There she was in her painter’s pants and purple bandanna and Birkenstocks, wearing a mood ring and a woman’s symbol necklace, drinking a coffee milkshake (I used to get those at Baskin-Robbins; this was years before there was a Starbucks anywhere . . .) and reading about women who made love to other women. This was the last moment of innocence before everything began to happen. The last days of unformed consciousness.
Where were those painter’s pants now? Had life turned out the way Hannah expected? How many women had she learned to love? Would the number surprise her earlier teenage self?
“Whuh . . . hawchoo!” sneezed the teenage Letty, and all the other readers raised their heads and scolded, “Shhhhh!” The floating soda bar had all the sanctity of an archive. Brows furrowed (or raised) as readers came to particularly explicit or poignant pages. “No way,” breathed Dog, sucking on a Jolt Cola, riveted by Dykes to Watch Out For. “Shhhhhhhh!” came from the girls on either side of her.

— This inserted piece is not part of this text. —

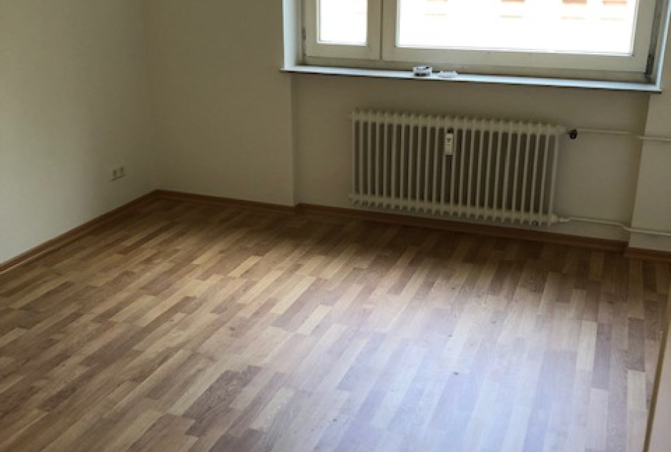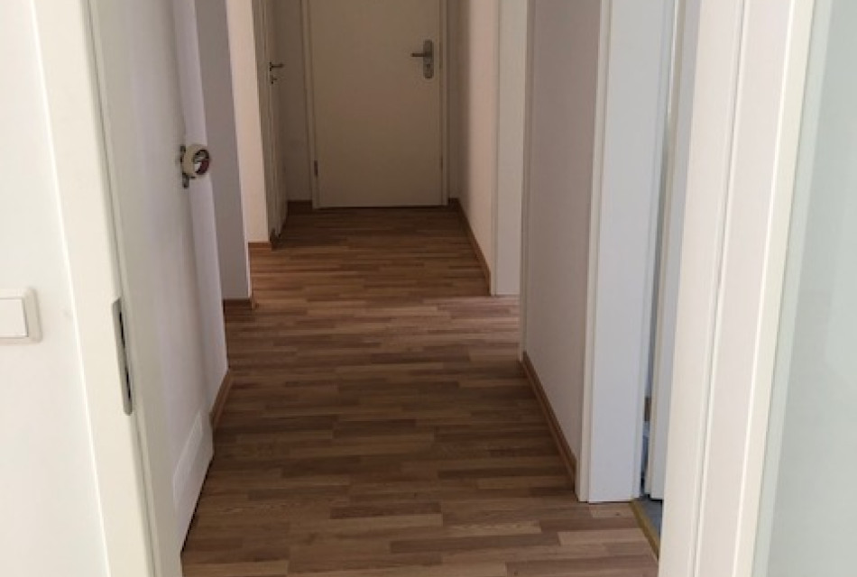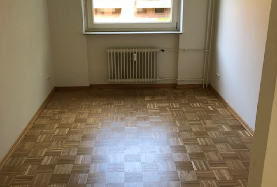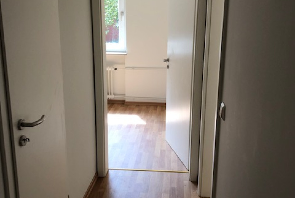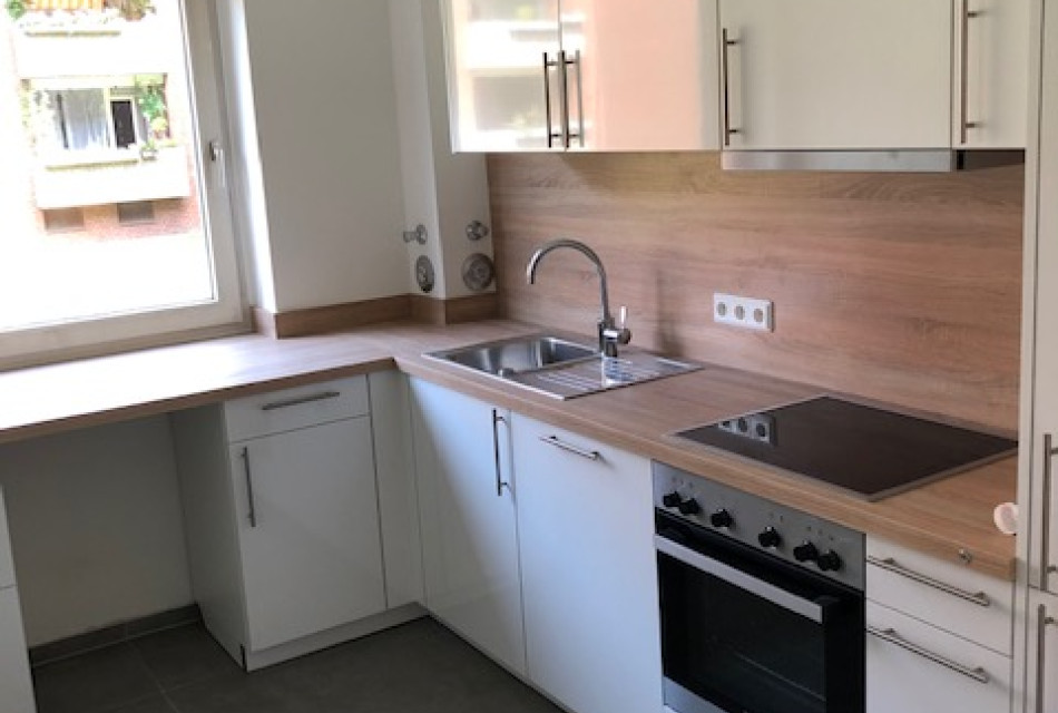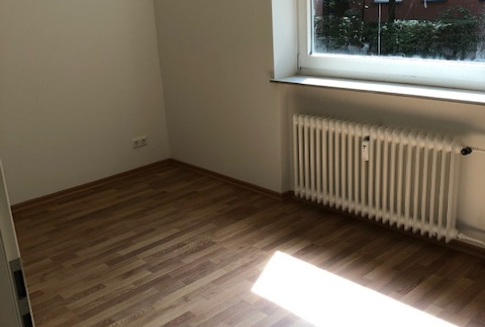 Musterwohnung in einem Mehrfamilienhaus in Langenhorn. Diese vollständig sanierte Wohnung verfügt über Wohn- und Schlafzimmer sowie zwei kleine Zimmer und ist ausgestattet mit einer Einbauküche und einem Vollbad. In der Wohnung befindet sich sowohl Laminat- als auch Parkettfußboden, Küche und Bad sind gefliest.

Then Isabel put her arms around the real and grown-up Hannah, and whispered in her ear, “Now look.” And there was Isabel. Isabel, the barkeeper and mystic, whose past was never really fixed, but who evidently had one of her own. For she too was sitting at the bar for just an instant, a fifteen-year-old in a knit poncho and long skirt and hippie sandals, drinking herbal tea and absorbed in A Woman Appeared to Me.